The distinction between RPM and FPM is a fantastic addition. I further clarified the language on this distinction. I also replaced count-based and assembly-based with the suggested, more precise language.

  • Minor * "Recent advances in RNA-seq include single cell sequencing and in situ sequencing of fixed tissue." * please consider expanding "... single-cell sequencing, in situ sequencing of fixed tissue, and the sequencing of native RNA molecules using single-molecule real-time nanopore sequencing." * I already edit the caption of Figure 1 to better reflect that RNA is reverse-transcribed into cDNA (I replaced 'copy') and that 'ds' stands for 'double-stranded' * "Once isolated, linkers are added to the 3' and 5' end [and] then purified." * please reference all figures in the main text, sometimes it's only written "see figure" (which one?) * Bowtie vs BowTie * please harmonize RNA-Seq vs RNASeq vs RNA Seq, ... I think RNA-Seq is the most common writing * great that the dangerous excel-conversion of gene names is mentioned in this article! :) * "Common tools for gene set enrichment include web interfaces (e.g., ENRICHR, g:profiler) " I suggest adding WEBGESTALT ( which is a still maintained web tool for (not only) GSEA [5] * "and used to predict [and] their biological functions." remove the second 'and' * Section "Variant discovery", please consider adding the following sentence to the paragraph to account for recent findings regarding bias in variant detection based on de novo transcriptome assembly: "However, nucleotide variants derived from de novo transcriptome assemblies were recently shown to contain bias and thus underestimate heterozygosity [6]." * "approach is to use pair[ed]-end reads"

All suggested improvements have been implemented.

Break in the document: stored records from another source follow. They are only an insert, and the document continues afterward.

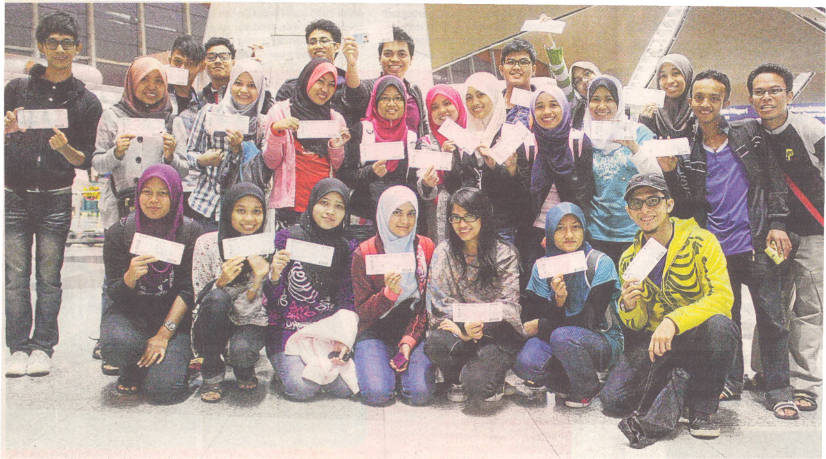
PROGRAM motivasi pelajar antara pengisian Kembara Borneo Mahasiswa UPM ke Negeri Di Bawah Bayu.
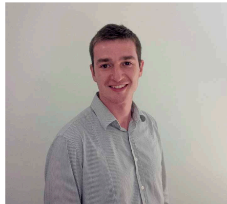
Voorzitter JONGCD&V Zaventem
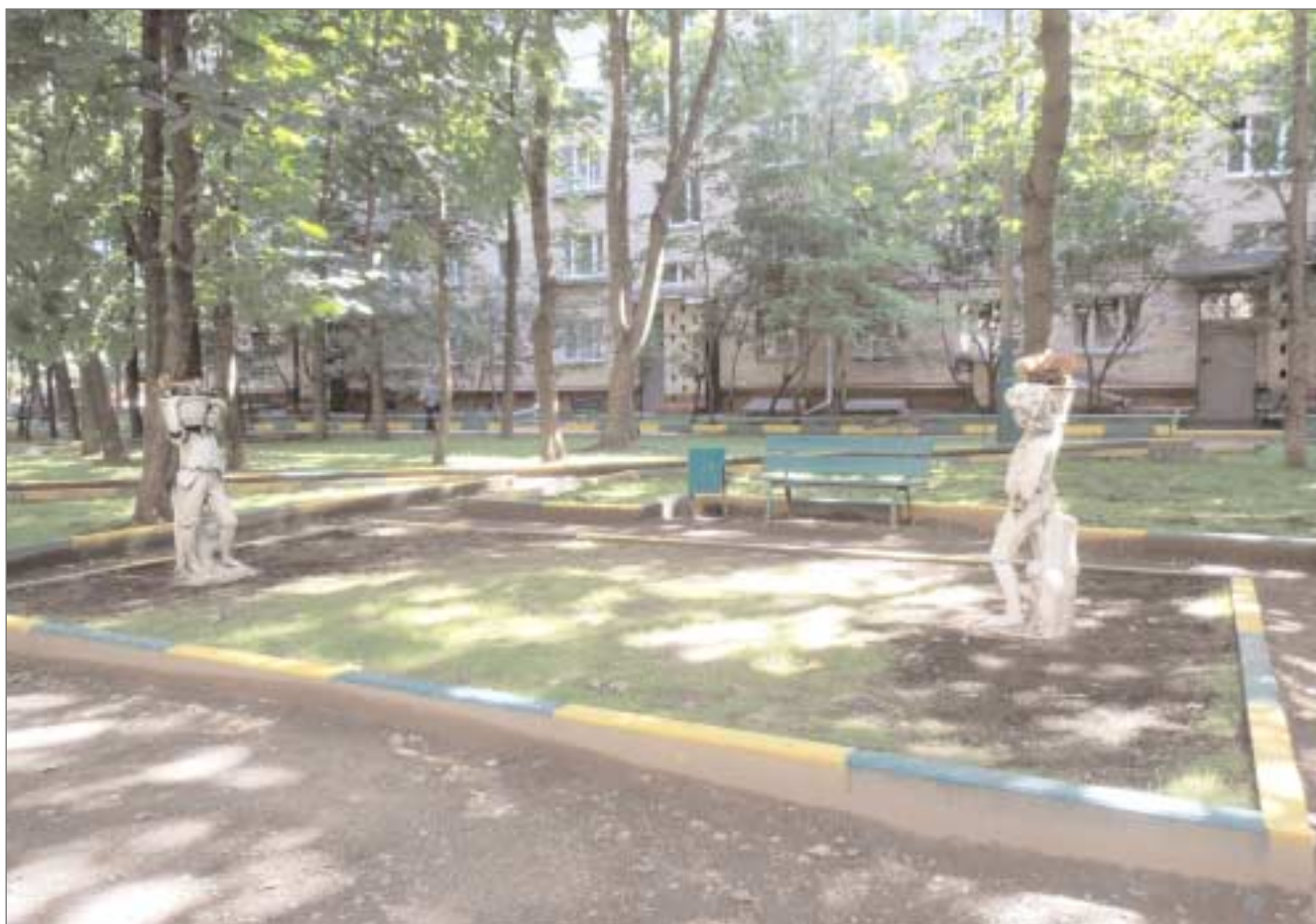
Во дворе по 11-й Парковой ул., д.44 корп.1, 2.

Мэр Москвы Сергей Собянина 9 августа в интервью телеканалу «Россия-1» подчеркнул важность общественного контроля за благоустройством: «Я добиваюсь, чтобы управы, когда принимали эти объекты, обязательно привлекали старших по подъезду, старших по дому, общественность, чтобы они тоже ходили, смотрели, что сделано. Если что-то там не то, чтобы они информировали и город, и округа. Это очень важно, чтобы не было одного чиновничьего контроля. Люди тоже должны помогать в этом благом деле, тогда у нас будет порядок».
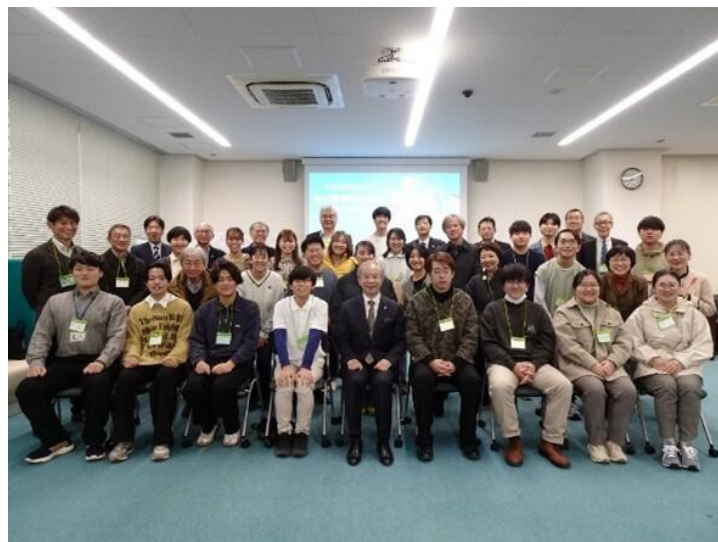
令和7年度学生と学長との懇談会を開催しました
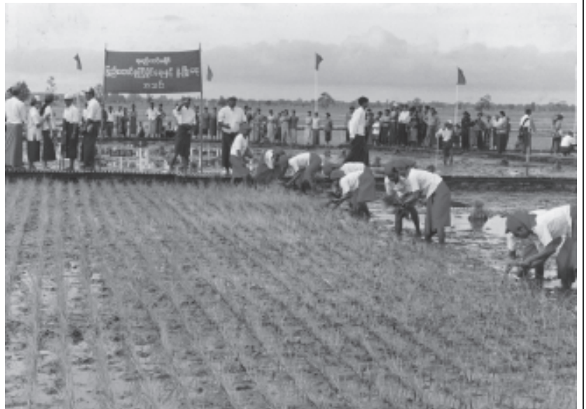
ပြည်ထောင်စုကြံ့ခိုင်ရေးနှင့် ဖွံ့ဖြိုးရေးအသင်း နှစ်ပတ်လည် သင်းလုံးကျွတ်အစည်းအဝေး(၂၀၀၆)ကို ဂုဏ်ပြုသောအားဖြင့် ရမည်းသင်းခရိုင် ပြည်ထောင်စုကြံ့ခိုင်ရေးနှင့် ဖွံ့ဖြိုးရေးအသင်းမှ ဓမ္မစပါးစိုက်ပျိုးရေးသင်တန်းကို ဤသို့ တွေ့ရသည်။

ဆိုသော လူငယ်ကတိသစ္စာငါးရပ်ကို နိုင်ငံခြံမာမာ ချမှတ်ခဲ့သည်။ အသင်းကြီး၏ အသင်းဝင် မျိုးဆက်သစ်လူငယ်အားလုံးတို့သည် မိမိတို့ ချမှတ်ထားခဲ့သော လူငယ်ကတိသစ္စာငါးရပ်ကို ကျရာအခန်း ကဏ္ဍမှ အချိန်အခါ နေရာဒေသမရွေး ဆောင်ရွက်လျက်ရှိပေသည်။ အမျိုးသားရေးတာဝန်ကို ဆောင်ရွက်မည့် နိုင်ငံသားကောင်းများပီပီ ဒို့တာဝန် အရင်းသားများကို မမှီတ်မသုန်ခံယူပြီး နိုင်ငံအကျိုး၊ ပြည်သူ့ အကျိုးတို့ကို ဆက်တက်ထမ်းပိုး သယ်ပိုးထမ်းဆောင်လျက်ရှိသော မျိုးဆက်သစ် လူငယ်များသည် နိုင်ငံတော်ရေးရာဆက်သွားမည့် မူဝါဒ လမ်းစဉ်(၇)ရပ် အောင်မြင်ရေးနှင့် အေးချမ်းသာယာပြီး ဓေတိမိဖွံ့ဖြိုး တိုးတက်သော နိုင်ငံတော်သစ်ကြီး ပေါ်ထွန်းလာရေးတို့အတွက် ကျရာ အခန်းကဏ္ဍမှ တက်တက်ကြွကြွ ပါဝင်ဆောင်ရွက်ကြပါရန် တိုက်တွန်း ရေးသားလျက် ပြည်ထောင်စုကြံ့ခိုင်ရေးနှင့်ဖွံ့ဖြိုးရေးအသင်း နှစ်ပတ်လည် သင်းလုံးကျွတ်အစည်းအဝေး(၂၀၀၆)ကိုဂုဏ်ပြုရေးသားလိုက်ပါသည်။ ။
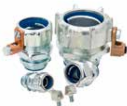
Raccord de mise à la terre LT acier
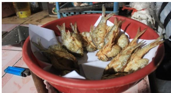
Gambar 3 Metode penirisan minyak pertama keripik ikan tawes.
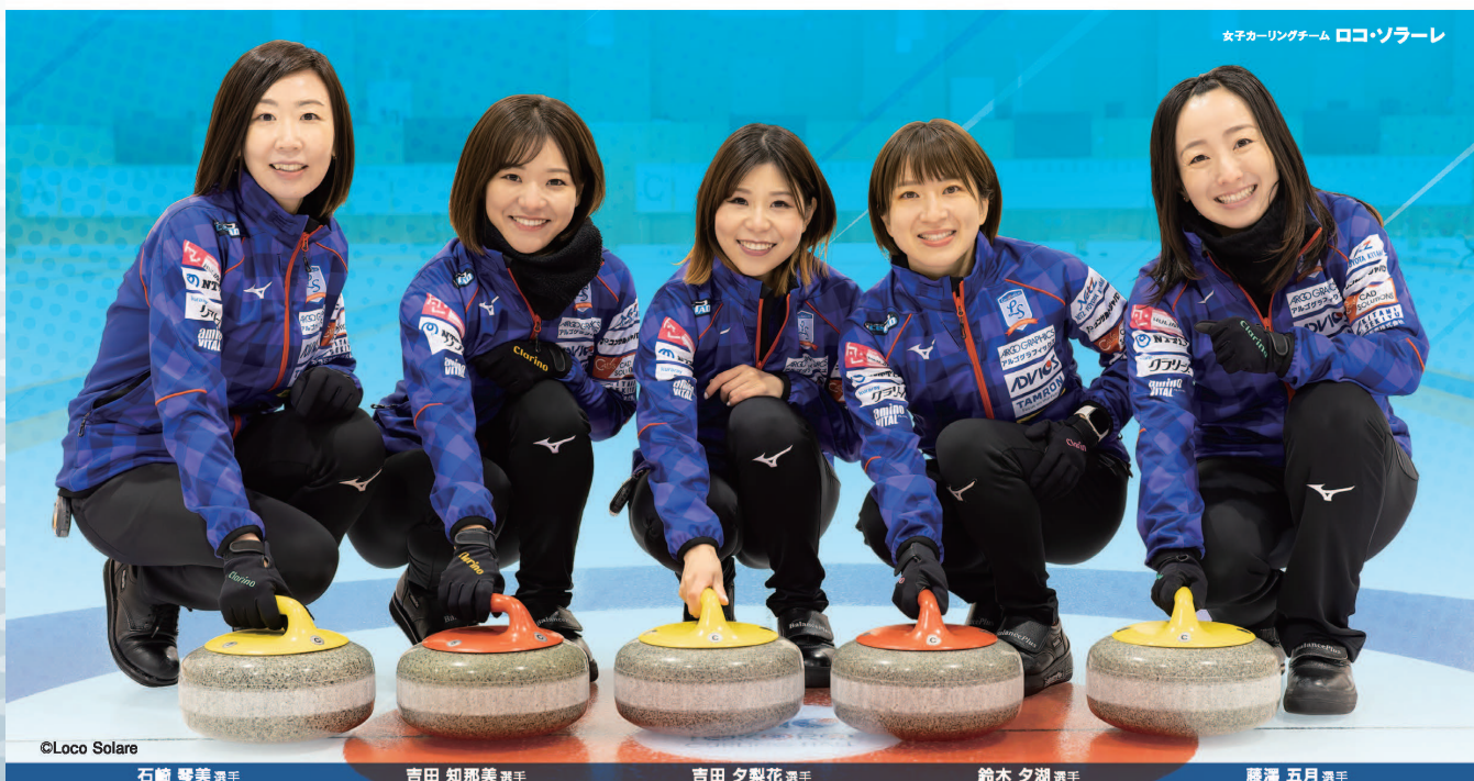
女子カーリングチーム ロコ・ソラーレ

  • Further suggested references [1] Bushmanova, Elena, et al. "rnaSPAdes: a de novo transcriptome assembler and its application to RNA-Seq data." GigaScience 8.9 (2019): giz100. [2] Trapnell, Cole, et al. "Differential gene and transcript expression analysis of RNA-seq experiments with TopHat and Cufflinks." Nature protocols 7.3 (2012): 562-578. [3] Pertea, Mihaela, et al. "StringTie enables improved reconstruction of a transcriptome from RNA-seq reads." Nature biotechnology 33.3 (2015): 290-295. [4] Hölzer, Martin, and Manja Marz. "De novo transcriptome assembly: A comprehensive cross-species comparison of short-read RNA-Seq assemblers." Gigascience 8.5 (2019): giz039. [5] Liao, Yuxing, et al. "WebGestalt 2019: gene set analysis toolkit with revamped UIs and APIs." Nucleic acids research 47.W1 (2019): W199-W205. [6] Freedman, Adam H., Michele Clamp, and Timothy B. Sackton. "Error, noise and bias in de novo transcriptome assemblies." Molecular Ecology Resources (2020). [7] Gleeson, J. et al. (2020) ‘Nanopore direct RNA sequencing detects differential expression between human cell populations’. doi: 10.1101/2020.08.02.232785. [8] Sun, Qinyu, Qinyu Hao, and Kannanganattu V. Prasanth. "Nuclear long noncoding RNAs: key regulators of gene expression." Trends in Genetics 34.2 (2018): 142-157.

These citations are included in the text with your suggested improvements.

Thanks a lot for all the hard work!


Thank you again for the thorough review.